SECTIONS

AU must now act beyond being an elite club

Deputy President William Ruto held a meeting with the AU-COMESA Election Observer Mission who congratulated Kenya and voters for a peaceful election.

My late grandmother Beldinah Okoth wallowed in wisdom. One evening during a bunter by the fire place, she told me point blank that a man’s true character never changes.

Nilotic speakers have an adage that says a wild cat will retain its identity even if slaughtered and pan-fried in adorable spices. When served, it will still be the wild cat, not beef or mutton.  

My granny believed the world is what it is and nothing changes it, not even flowery language, a feigned character metamorphosis and the innocuous faces we may wear. Her art of plain-speak about life charms me to date, seen against many life situations.    

We are almost done with the polls. Cheers to country men and women for the peace. However, what elected leaders will do with their offices is up to them.

Granted, life will continue in Kenya, just like in Jair Bolsonaro’s Brazil or Rodrigo Duterte’s heartland of the Philippines.

This week, attention has once again shifted to Ethiopia, Africa’s second-most populous nation. This is after the World Health Organisation (WHO) director-general Tedros Adhanom Ghebreyesus gave world leaders a dress-down for ignoring the bloody conflict in Tigray.

Terming the Tigray conflict the worst disaster, the WHO chief said he had not heard in the last few months any head of state talk about the Tigray situation in the developed world.

Ghebreyesus, himself a Tigrayan, suggests that inaction by world leaders could be due to the skin colour of the victims.
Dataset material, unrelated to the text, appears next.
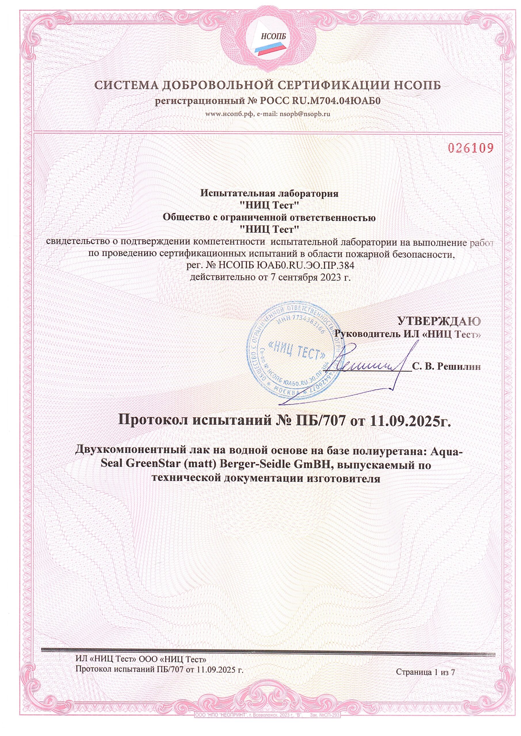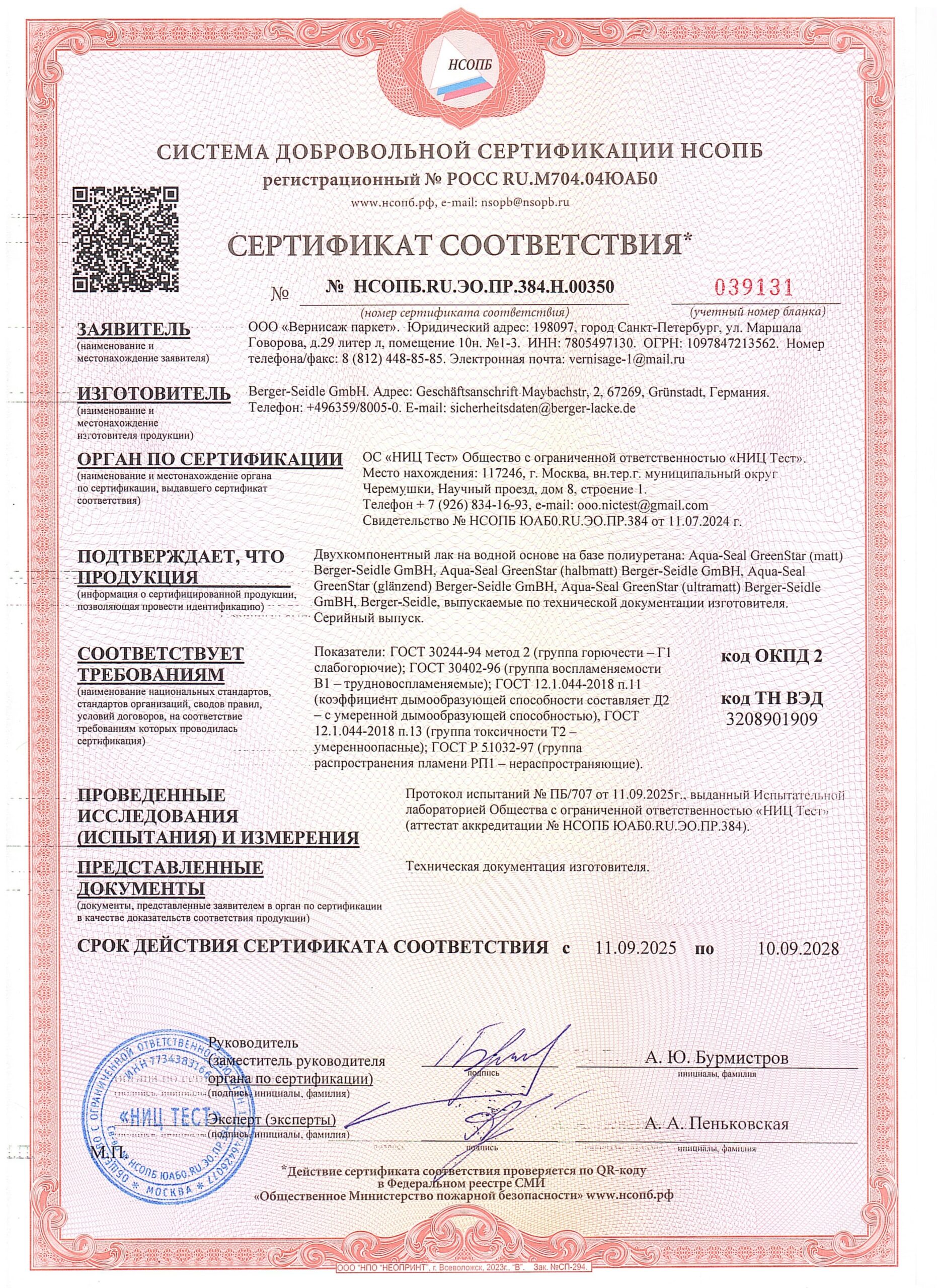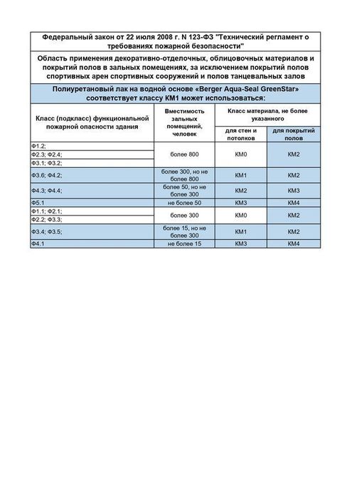 Лак Berger GreenStar имеет пожарный сертификат российского образца с высшим классом Г1.

He questions the mismatch in global attention to the Ethiopia and Ukraine-Russia situations. But in the traditional flippant style, Ethiopian premier Abiy Ahmed disapproves of the WHO boss’ concerns.

Truth is truth, just like the aforementioned wild cat that retains its distinctiveness to the end. I am a proponent of an open-minded world who appreciates the power and otherwise of skin colour.

Racial hate, however, isn’t an excuse for nations or continents to abdicate their responsibility.

Lack of bold actions to unshackle Ethiopia from chains of a senseless civil war that began in November 2020 is disquieting.

More than nine million people need food aid, three million are displaced as women and children make risky journeys to safety.

WFP says half of pregnant women in Tigray are malnourished, as well as a third of children under five.

Africa Union (AU), the elite club headquartered in Ethiopia has turned the other way as the federal government and the Tigray People’s Liberation Front forces tear each other, leading to widespread human rights violations, including mass murders and sexual violence.

It is an open secret that African nations are fraying at the edges due to impunity. Abuse of power by the political class is unmatched. Recent events confirm worrying trends. AU must now assert itself by overseeing a peaceful resolution. It isn’t too late to do the right thing and get it right.

Abiy’s regime says it’s open to talks and the regional forces have demanded nothing short of a credible, impartial and principled peace process.

What is seemingly lacking is a nonstop push by the UN, AU and the larger international community to tilt the balance in favour of lasting peace.

Failure to rise to the occasion by the international community can fuel atrocities in a big way. Rwanda, Syria, Central African Republic, and South Sudan were abandoned at their hour of need, leaving a bitter taste in everyone’s mouth.

Africa must rise to the occasion and make peace a priority. If not, it will be stranded at the lower end of the social, political and economic pecking order.

Only this will beat the lopsided handling of the race issue by the world.